Utter genericness. Vacant smiles and government mind control.

What's your facial structure like?

What do you think of redheads?
Better red than dead, as Cartman said.

Can you touch your nose with your tongue?
No. Can you bite your elbow?

Toy you always wanted but never got as a child?
I wanted the Barbie pool, a sit and spin, and all the Little Golden Books.

Luke Skywalker or Han Solo?
I always liked Luke and hated Han. He was the original Mr. Big.

Top three celebrities you wanna do?
I suddenly have a sneaking suspicion that this survey was written by a 15-year-old. But okay. Jason Varitek, obviously, Indiana Jones, and the guy from Felicity with all the inventions. I stand by my choices.

Who is popular that you hate?
I love philosophical quandaries. What's the meaning of life, and who is popular that you hate? I'm sure the correct answer is some kid at the next lunch table, but I have to go with John Mayer.

What's the last movie you saw that scared you?
The Grudge 2 commercials are not making my life better.

You're sentenced to death and it's the morning of your lethal injection. What will your last meal be?
Really good pizza. Also, what did I do?

What's something that most people do that you've never done?
Drink an entire cup of coffee.

Before you die, where do you want to go?
All over Europe.

What's something you'd really like to do but probably won't ever do?
Land that guy on Felicity with all the inventions.

If you had to marry someone at the age of 12, who would it be?
I'm 12 years old and I have to get married? Fine, Joey McIntyre. I would've died of happiness and promptly dropped out of middle school to tour with him.

What's something most people don't know about you?
In person, I'm actually quite serious. Dead serious.

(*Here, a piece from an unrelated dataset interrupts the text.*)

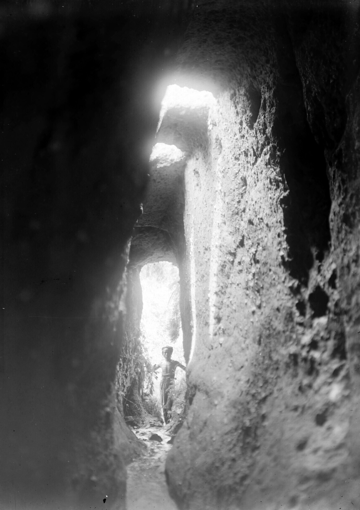 Jongen poseert bij een toegang tot een grot op Bali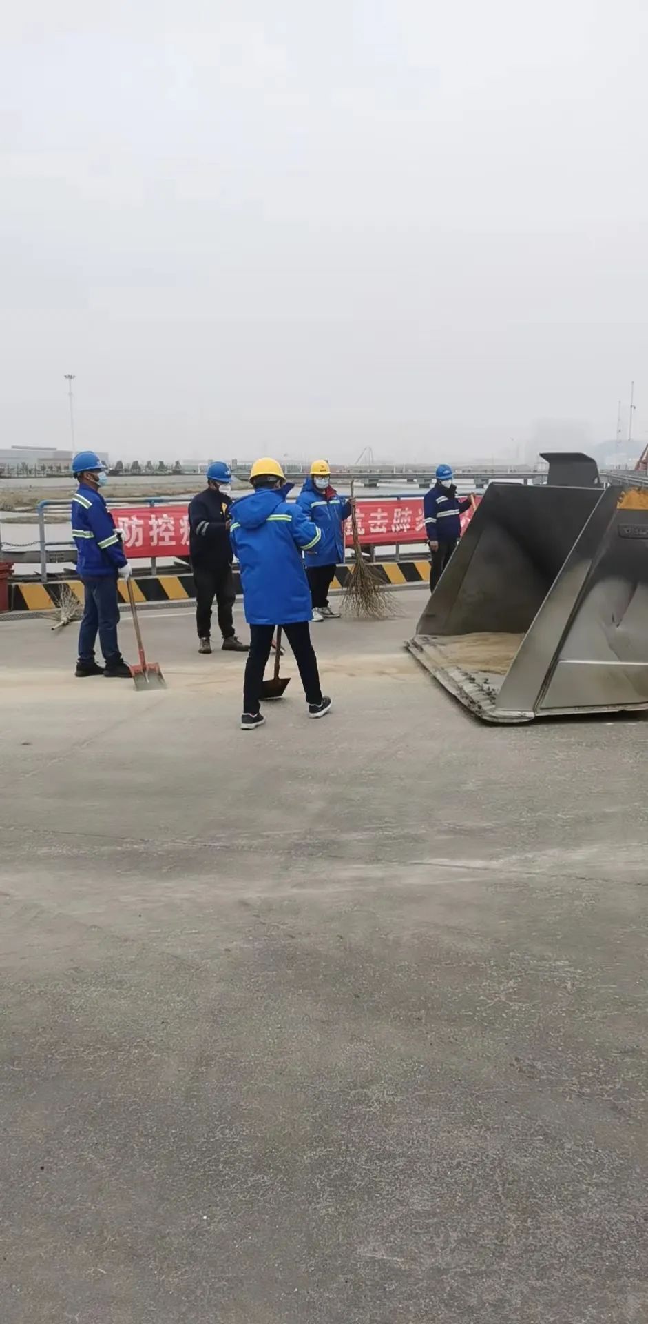 本次環境治理演練以實戰模擬方式進行,在現場總指揮發出演練開始指令后,按照公司環境治理應急預案中環境治理突擊檢查事件處置方案,碼頭現場各級人員立即執行現場環境治理措施。各部門根據演練方案、各司其職、快速響應。生產部迅速組織人員安排分工,人員、機械立即進入分工區域進行打掃;倉儲部立刻啟動場地噴淋裝置、安排灑水車作業,確保廠區道路、場地、碼頭不起揚塵;市場部、技術部人員拿起掃帚、鐵鍬在分管區域進行清掃;安環部在現場開展巡查,及時調整人員對局部區域進行清掃。在所有人員的共同努力下,演練按照既定方案有序開展,達到了預期效果。

What's a weapon to suit your personality, habits, and abilities?
All I need is my blade.

What makes an awesome party?
Aaron Carter.

What's your favorite TV show?
I don't know if it's my favorite, but Lost is the one that I have to watch every week. It's becoming a parody of itself, but it's just so suspenseful and entertaining and ridiculous. JACK! WALT! KATE! NO! Oh, but I guess my favorite show is The Office. Will Pam and Big Tuna ever make it work?

What's your favorite quote?
I have a jillion, but my favorite quote lately came from my mom. She heard a story about a friend who is likely cheating on her husband, and she said, "How does she do it? I don't have the time or the underwear for an affair."

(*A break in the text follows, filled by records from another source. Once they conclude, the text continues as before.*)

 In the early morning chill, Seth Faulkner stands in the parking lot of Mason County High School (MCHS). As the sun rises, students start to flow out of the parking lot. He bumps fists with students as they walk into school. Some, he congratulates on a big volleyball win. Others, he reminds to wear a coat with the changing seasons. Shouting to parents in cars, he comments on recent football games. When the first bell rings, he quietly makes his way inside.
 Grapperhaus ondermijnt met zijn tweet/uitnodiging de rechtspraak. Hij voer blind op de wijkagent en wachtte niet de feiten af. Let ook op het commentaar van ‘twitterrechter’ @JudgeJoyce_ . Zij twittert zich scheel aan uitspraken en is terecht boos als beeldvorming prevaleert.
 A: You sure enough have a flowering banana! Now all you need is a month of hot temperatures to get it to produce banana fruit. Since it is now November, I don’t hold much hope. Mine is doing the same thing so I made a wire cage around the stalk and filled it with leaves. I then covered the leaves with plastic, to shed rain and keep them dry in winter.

What's your material obsession?
My iBook and iPod.

What's the next holiday that you'll celebrate?
Columbus Day, or We're Sorry For Canonizing the Guy Who Killed All the Native Americans Day.

What's something most people would consider an insult but you don't mind having said about/to you?
"Is that your real hair color?" Although it does concern me a little that maybe my hair looks like a bad dye job. That would so be my luck.

What's your favorite thing about where you live?
The seasons (yes, even winter), the wicked nice people, the history, Fenway, the Cape, the endless things to do, and of course the fact that most of my family and friends are close by.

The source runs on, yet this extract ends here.